As of 2016, medical malpractice is the 3rd leading cause of death throughout the entire country. This equates to roughly some 195,000 patients that die due to medical errors of some sort or another each and every year.

This is backed up by the fact that as many as 1 in 7 hospital patients experience some sort of medical error or malpractice according to figures from the U.S. Department of Health and Human Services (HHS).

The five most common types of medical malpractice experienced include anesthesia / medication (10 percent), obstetrics (10 percent), treatment (18 percent), surgery (23 percent), and diagnosis (33 percent). Diagnostic error involves not correctly diagnosing a condition or illness either in time so that something can be done about it or at all.

The wrong or missed diagnosis, as well as incorrect treatment, can have very serious outcomes for some patients, such as turning blind. If this has happened to you, then you will likely want to file a lawsuit for blindness negligence so that you can receive the financial compensation that you so rightly deserve.

 

Lawsuits

Because of the large number of deaths and injuries that are being caused by medical malpractice, there are, on average, anywhere between 15,000 and 19,000 lawsuits filed per year in the United States of America.

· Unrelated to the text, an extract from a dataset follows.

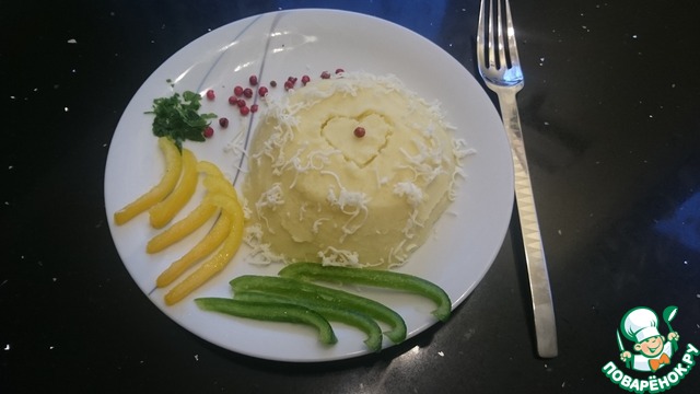 Конечно, это не революционное блюдо - но ведь нам часто приходится готовить картошечку на праздник, и это блюдо будет прекрасная замена обычному пюре. А деткам очень понравится порционная подача - я взяла кулинарное кольцо в форме цветочка, жаль форму пюре не очень хорошо видно на снимке, но для картошки было необычно и интересно!

Although this may seem like a large number, it only actually represents roughly 2 percent of all cases of medical malpractice that happen all across the country. Of those people filing claims for injuries sustained due to a medical mistake, the average age is 42 years.

Of these tens of thousands of lawsuits, 20 percent of them relate to treatments given during the pregnancy process.

In the vast majority of states in America, it can take anywhere between 6 months and 2 years to file a medical malpractice case against a medical professional or a specific institution. 

As a result of the claims made against medical professionals, some 30 percent of physicians in the United States of America have paid in the region of $10,000 or more via their insurers. In New York state alone, payouts for medical malpractice regularly top $690 m on an annual basis.

About 80 percent of these caesars relate to the more severe injuries sustained or deaths, in comparison with 20 percent of all medical malpractice cases which related to more minor injuries.